From this point on, it was very repetitive. I just had to look at the coordinates I’d created and create a draw and blank function for each of them. Because I was on auto-pilot mode, I made many mistakes during this part that would set me back a couple of hours later on. That’s okay, though because this was a good learning experience.
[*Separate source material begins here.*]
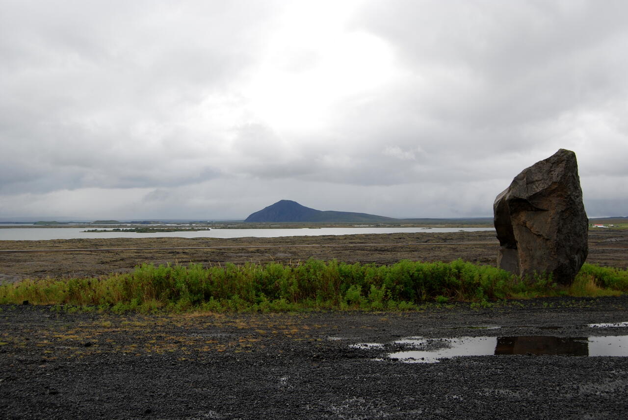Heute fuhren wir im strömenden Regen zum Mývatn. Die Wolken hingen tief. Über die 848 fuhren wir um den Mývatn herum nach Reykjahlíð und gingen zuerst in die Information. Hier gab es eine interessante Ausstellung über Ísland und seine Geologie. Wir hatten gestern in der Campinginfo einen Prospekt gefunden von Mýflug, dem Anbieter von Rundflügen. Als wir nun heute die Preise erfuhren, wurde es für uns richtig interessant. Wir hatten schon früher eine Broschüre über Flüge mit einem Hubschrauber von Möðrudalur zur Askja gelesen. Wir liebäugelten damit, aber die Preise waren doch recht hoch. So fuhren wir zum Flugplatz und erkundigten uns genauer. Der Pilot sprach etwas dänisch, so konnten wir uns gut verständigen. Nun mußten wir auf besseres Wetter warten. Der Campingplats gleich hinter dem Flugfeld war erstaunlich preiswert. Später kamen wir zu der Vermutung, daß man uns als Ísländer angesehen hatte, als wir uns auf schwedisch anmeldeten. In den Camping-Rezeptionen arbeiteten fast nur noch Leute aus aller Herren Länder, kaum noch Einheimische.

Next, I moved onto creating the shift values. The shift values would allow for the scroll to well, scroll. To do this, I made a function called “shift” and called it within each constellation function. “shift” equalled zero, so that I could change it wherever and have it reset fully.
int shift=0;
int shift2=0;
I also made a shift two because while creating this code, the sketch became too big for the arduino due the the sizes and amount of libraries that I was using.
My libararies:
#include <TinyGPS++.h>
#include <TinyGPS.h>
#include <Adafruit_GFX.h> // Core graphics library
#include <Adafruit_TFTLCD.h> // Hardware-specific library
#include <SoftwareSerial.h>
I also had to determine the framing of the constellations. What I mean by this is how they were going to smoothily scroll through the screen. I already had “shift” which was going to offset them by whatever number was called, but now I needed the number that would tell where they were going to be drawn first. Going down the line, starting at Ursa Minor and Draco, I would have to draw each constellation after UMi and D off the screen. Starting at 640, I added 320 to each “frame” which created the next shift values.
I went back in and added the numbers shown above to each of the constellations, so they looked like this:
void drawCepheus() {
//Cepheus
tft.fillCircle(163, 115 + shift + 320, 2, GREEN);
tft.drawLine(163 , 115 + shift + 320, 52, 30 + shift + 320, GREEN);
tft.fillCircle(52 , 30 + shift + 320, 2, BLUE);
tft.drawLine(52 , 30 + shift + 320, 75 , 190 + shift + 320, BLUE);
tft.fillCircle(75 , 190 + shift + 320, 2, MAGENTA);
tft.drawLine(75 , 190 + shift + 320, 163 , 115 + shift + 320, MAGENTA);
tft.fillCircle(163 , 115 + shift + 320, 3, YELLOW);
tft.drawLine(163 , 115 + shift + 320, 205 , 210 + shift + 320, YELLOW);
tft.fillCircle(205 , 210 + shift + 320, 2, RED);
tft.drawLine(205 , 210 + shift + 320, 130 , 300 + shift + 320, RED);
tft.fillCircle(130 , 300 + shift + 320, 2, RED);
tft.drawLine(130 , 300 + shift + 320, 75 , 190 + shift + 320, RED);
}
void blankCepheus() {
// blank Cepheus
tft.fillCircle(163, 115 + shift + 320, 2, BLACK);
tft.drawLine(163 , 115 + shift + 320, 52, 30 + shift + 320, BLACK);
tft.fillCircle(52 , 30 + shift + 320, 2, BLACK);
tft.drawLine(52 , 30 + shift + 320, 75 , 190 + shift + 320, BLACK);
tft.fillCircle(75 , 190 + shift + 320, 2, BLACK);
tft.drawLine(75 , 190 + shift + 320, 163 , 115 + shift + 320, BLACK);
tft.fillCircle(163 , 115 + shift + 320, 3, BLACK);
tft.drawLine(163 , 115 + shift + 320, 205 , 210 + shift + 320, BLACK);
tft.fillCircle(205 , 210 + shift + 320, 2, BLACK);
tft.drawLine(205 , 210 + shift + 320, 130 , 300 + shift + 320, BLACK);
tft.fillCircle(130 , 300 + shift + 320, 2, BLACK);
tft.drawLine(130 , 300 + shift + 320, 75 , 190 + shift + 320, BLACK);
}
(Only Cepheus for the sake of space, but imagine everyone looking like this with their own numbers)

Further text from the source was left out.